RP to push binding global warming accord
A binding global warming accord, including financial aid for developing economies to combat climate change, will be pushed by President Arroyo in next month’s forum in Copenhagen, Denmark.
With climate change putting life on earth in danger, the President on Thursday declared her government’s “strong” position on climate change and urged fellow leaders from the East Asian region to ensure a successful outcome of the UN-sponsored talks.
“We are calling for a binding outcome in Copenhagen. We can no longer afford to play the blame game while we are mired in a climate debate. Climate change doesn’t make distinction between developed and developing economies when it hits,” she said.
“Both have respective roles and responsibilities in addressing this challenge based on the principle of common but different set of responsibilities and respective capacities,” she added.
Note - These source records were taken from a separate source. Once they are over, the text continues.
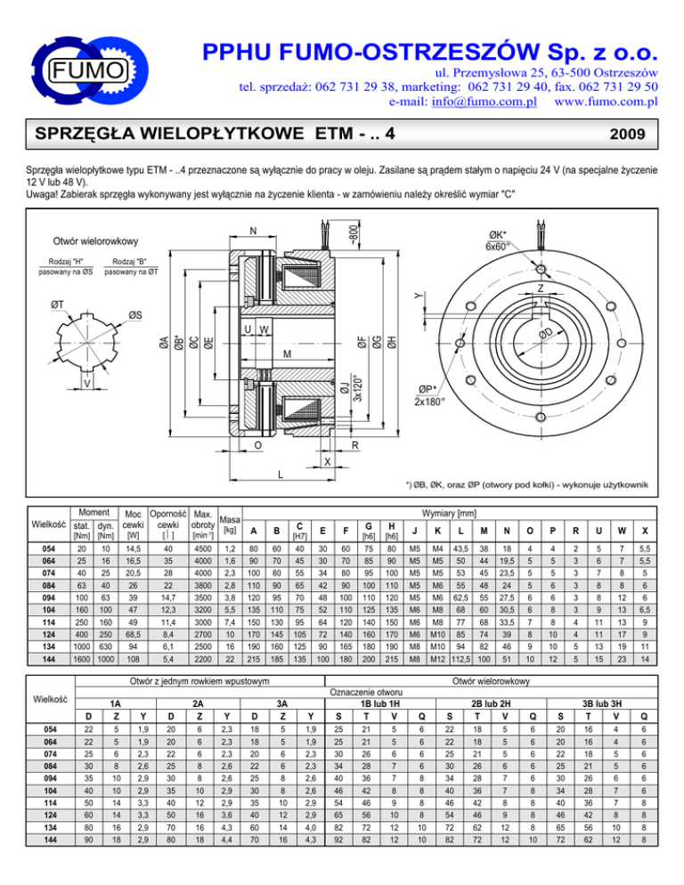 PPHU FUMO-OSTRZESZÓW Sp. z o.o. FUMO ul. Przemysłowa 25, 63-500 Ostrzeszów tel. sprzedaż: 062 731 29 38, marketing: 062 731 29 40, fax. 062 731 29 50 e-mail: [email protected] www.fumo.com.pl SPRZĘGŁA WIELOPŁYTKOWE ETM - .. 4 2009 N Otwór wielorowkowy ØK* 6x60° Rodzaj "B" pasowany na ØT Z Y Rodzaj "H" pasowany na ØS ~800 Sprzęgła wielopłytkowe typu ETM - ..4 przeznaczone są wyłącznie do pracy w oleju. Zasilane są prądem stałym o napięciu 24 V (na specjalne życzenie 12 V lub 48 V). Uwaga! Zabierak sprzęgła wykonywany jest wyłącznie na życzenie klienta - w zamówieniu należy określić wymiar "C" ØT ØS ØD ØF ØG ØH ØA ØB* ØC ØE U W ØJ 3x120° M V O ØP * 2x180° R X L *) ØB, ØK, oraz ØP (otwory pod kołki) - wykonuje użytkownik Moment Moc Oporność Max. Masa Wielkość stat. dyn. cewki cewki obroty [kg] A -1 [min ] [Ω] [Nm] [Nm] [W] 054 064 074 084 094 104 114 124 134 144 20 10 25 16 40 25 63 40 100 63 160 100 250 160 400 250 1000 630 1600 1000 14,5 16,5 20,5 26 39 47 49 68,5 94 108 40 35 28 22 14,7 12,3 11,4 8,4 6,1 5,4 4500 4000 4000 3800 3500 3200 3000 2700 2500 2200 1,2 1,6 2,3 2,8 3,8 5,5 7,4 10 16 22 80 90 100 110 120 135 150 170 190 215 Wymiary [mm] B 60 70 80 90 95 110 130 145 160 185 C [H7] 40 45 55 65 70 75 95 105 125 135 E F 30 30 34 42 48 52 64 72 90 100 60 70 80 90 100 110 120 140 165 180 G H [h6] 75 85 95 100 110 125 140 160 180 200 [h6] 80 90 100 110 120 135 150 170 190 215 J K M5 M5 M5 M5 M5 M6 M6 M6 M8 M8 L M4 43,5 38 M5 50 44 M5 53 45 M6 55 48 M6 62,5 55 M8 68 60 M8 77 68 M10 85 74 M10 94 82 M12 112,5 100 Otwór z jednym rowkiem wpustowym Wielkość 054 064 074 084 094 104 114 124 134 144 M N O P R U W X 18 19,5 23,5 24 27,5 30,5 33,5 39 46 51 4 5 5 5 6 6 7 8 9 10 4 5 5 6 6 8 8 10 10 12 2 3 3 3 3 3 4 4 5 5 5 6 7 8 8 9 11 11 13 15 7 7 8 8 12 13 13 17 19 23 5,5 5,5 5 6 6 6,5 9 9 11 14 Otwór wielorowkowy D 1A Z Y D 2A Z Y D 3A Z Y 22 22 25 30 35 40 50 60 80 90 5 5 6 8 10 10 14 14 16 18 1,9 1,9 2,3 2,6 2,9 2,9 3,3 3,3 2,9 2,9 20 20 22 25 30 35 40 50 70 80 6 6 6 8 8 10 12 16 16 18 2,3 2,3 2,3 2,6 2,6 2,9 2,9 3,6 4,3 4,4 18 18 20 22 25 30 35 40 60 70 5 5 6 6 8 8 10 12 14 16 1,9 1,9 2,3 2,3 2,6 2,6 2,9 2,9 4,0 4,3 Oznaczenie otworu 1B lub 1H S T V 25 25 30 34 40 46 54 65 82 92 21 21 26 28 36 42 46 56 72 82 5 5 6 7 7 8 9 10 12 12 Q S 2B lub 2H T V Q S 3B lub 3H T V Q 6 6 6 6 8 8 8 8 10 10 22 22 25 30 34 40 46 54 72 82 18 18 21 26 28 36 42 46 62 72 6 6 6 6 6 8 8 8 8 10 20 20 22 25 30 34 40 46 65 72 16 16 18 21 26 28 36 42 56 62 6 6 6 6 6 6 8 8 8 8 5 5 5 6 7 7 8 9 12 12 4 4 5 5 6 7 7 8 10 12 ZASILANIE Sprzęgła ETM - ..4 przystosowane są do zasilania prądem stałym o napięciu 24±1 V. W celu zabezpieczenia cewki sprzęgła przed przebiciem w układzie zasilającym należy zastosować człon gaszący w postaci równolegle podłączonego do cewki opornika o oporności około 10 razy większej od oporności cewki, lub diody półprzewodnikowej lub też opornika i diody. SMAROWANIE Smarowanie sprzęgieł wielopłytkowych ma za zadanie zmniejszenie zużycia części (głównie płytek ciernych) oraz odprowadzenie ciepła wytworzonego podczas pracy. Sprzęgła wielopłytkowe należy smarować dowolnymi olejami mineralnymi o lepkościach mniejszych od 37 cSt. W zależności od prędkości liniowej sprzęgła "V" (mierzonej na średnicy zewnętrznej) zaleca się stosować oleje o lepkościach: • przy prędkości liniowej V < 12 m/s - oleje o lepkości max. 37 cSt • przy prędkości liniowej V >12 m/s - oleje o lepkości ~ 20 cSt [ 1 cSt = 1 mm2/s ] Uwaga! Lepkość oleju podano dla temp. 50°C Sposoby smarowania sprzęgieł (od środka przez drążony wał, przez polewanie lub przez zanurzenie w oleju na wysokość 1/6 średnicy "H") uzależnione są przede wszystkim od warunków pracy. Należy wybrać taki sposób smarowania, aby temperatura oleju w układzie smarowania nie przekraczała 60°C, a temperatura sprzęgła po ustabilizowaniu się nie przekraczała 90°C. Zalecane wydatki oleju przy smarowaniu sprzęgieł przez polewanie wynoszą: Wielkość sprzęgła 054 064 074 084 094 104 114 124 134 144 Wydatek [ l/min. ] 0,3 0,3 0,4 0,6 0,8 1,2 1,6 2,0 2,5 3,0 Przy smarowaniu sprzęgieł od środka (przez drążony wał) wydatki oleju mogą zostać zmniejszone o około 50% wartości wydatków podanych w tabeli. WYMOGI TECHNICZNE ZABUDOWY I EKSPLOATACJI 1. Przed przystąpieniem do zabudowy sprzęgło należy przemyć w środku rozkonserwującym. 2. Cewkotrzymak przykręcić do nieruchomego elementu maszyny bazując na średnicy „G” lub "H" (max. niewspółosiowość względem wału, na którym osadzona jest tuleja sprzęgła, od 0,03÷0,05 mm w zależności od wielkości sprzęgła). 3. Tuleję sprzęgła osadzić na wale w ten sposób, aby czoło tulei oraz czoło cewkotrzymaka leżały w jednej płaszczyźnie (jest to ważne ze względu na zachowanie prawidłowej szczeliny magnetycznej na powierzchni stożkowej korpusu i cewkotrzymaka) a następnie zabezpieczyć ją przed ruchem osiowym. 4. Zabierak przymocować do elementu napędzanego lub napędzającego za pomocą wkrętów i kołków zabezpieczonych przed możliwością wypadnięcia podczas eksploatacji. Bicie powierzchni bazowej pod zabierak powinno wynosić od 0,03÷0,05 mm w zależności od wielkości sprzęgła. 5. Podczas eksploatacji, sprzęgła nie wymagają żadnej regulacji. Należy jedynie okresowo kontrolować czystość oleju (olej do smarowania powinien być wolny od zanieczyszczeń mechanicznych i chemicznych). Sposób oznaczania sprzęgła przy składaniu zamówienia (przykład) Sprzęgło ETM− − 104 − 1A− − 24-00 wielkość sprzęgła oznaczenie otworu osadczego napięcie zasilania wymiar „C” w zabieraku *) *) w przypadku zamówienia sprzęgła bez zabieraka, należy zawsze wpisać wartość "00", w przeciwnym razie należy wpisać żądany wymiar *** Producent zastrzega sobie prawo wprowadzania zmian poprawiających jakość wyrobu **
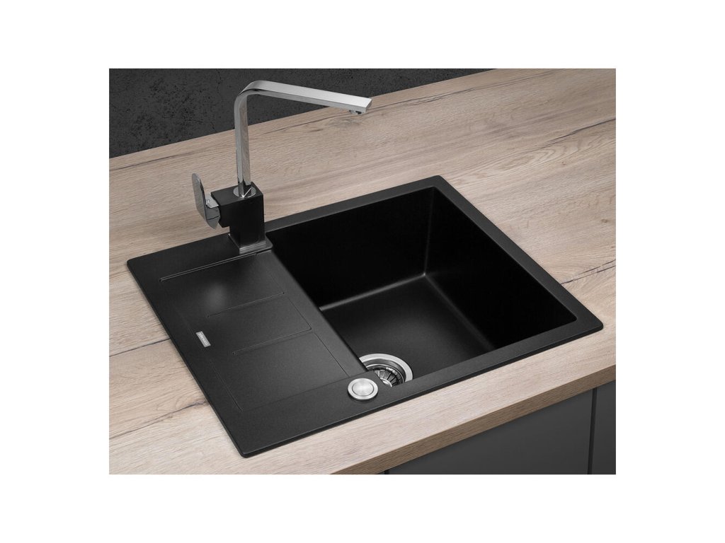 Granitový drez s odkvapom čiernej farby. Rozmery (d x š x h): 500 x 860 x 306 mm
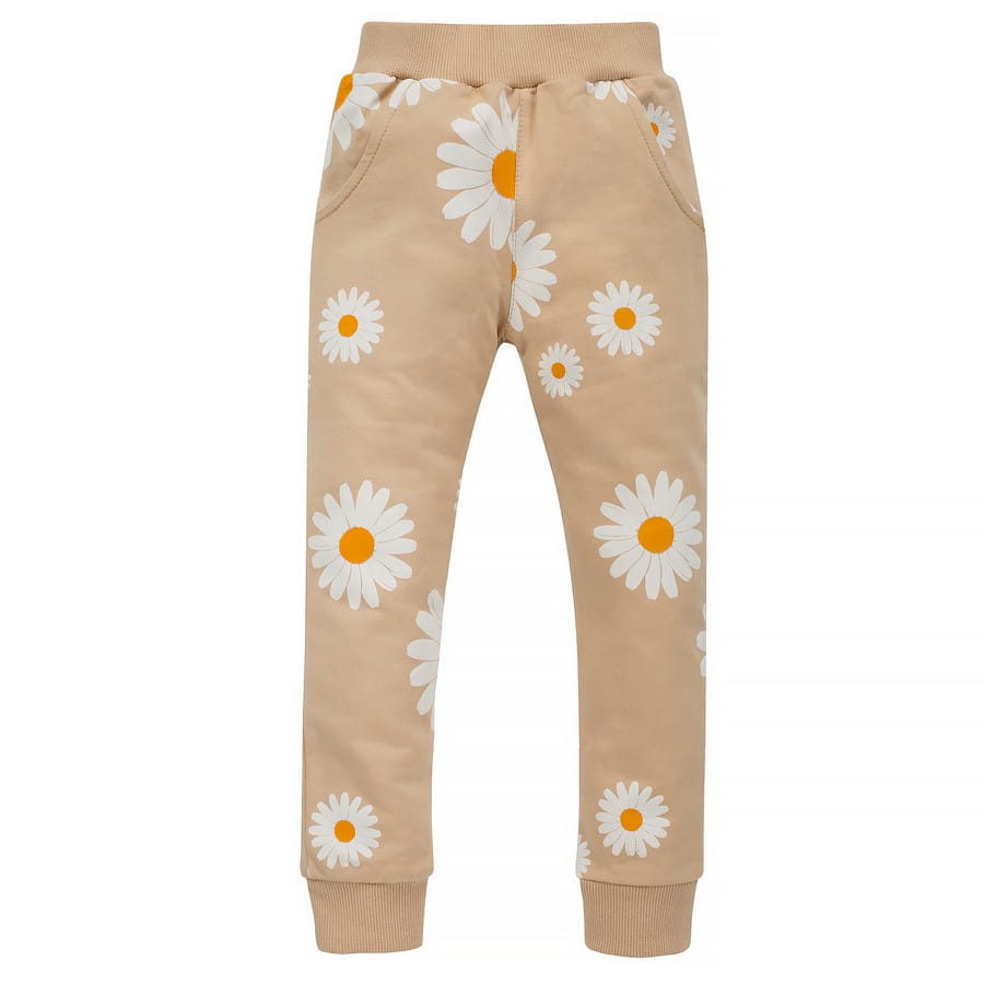 Spodnie dresowe dla dzieci i niemowląt beżowe w stokrotki - Daisy | Pinokio

The President, who is set to travel to Copenhagen next month to join climate change talks, said she would press for an agreement that would cover mitigation, adaptation, finance and technology to ease the impact of climate change as well as support for “green industries.”
“It is a primary interest to us that we ensure that any outcome in Copenhagen includes a cohesive and comprehensive financing mechanism to support climate change adaptation, disaster control management, and integrated coastal management,” she said.
In a related development, two years after the release of the benchmark study of the United Nations-led Intergovernmental Panel on Climate Change (IPCC) that noted the drastic changes in the climate, 26 international climate experts revealed in a new study that “climate change is accelerating beyond expectations.”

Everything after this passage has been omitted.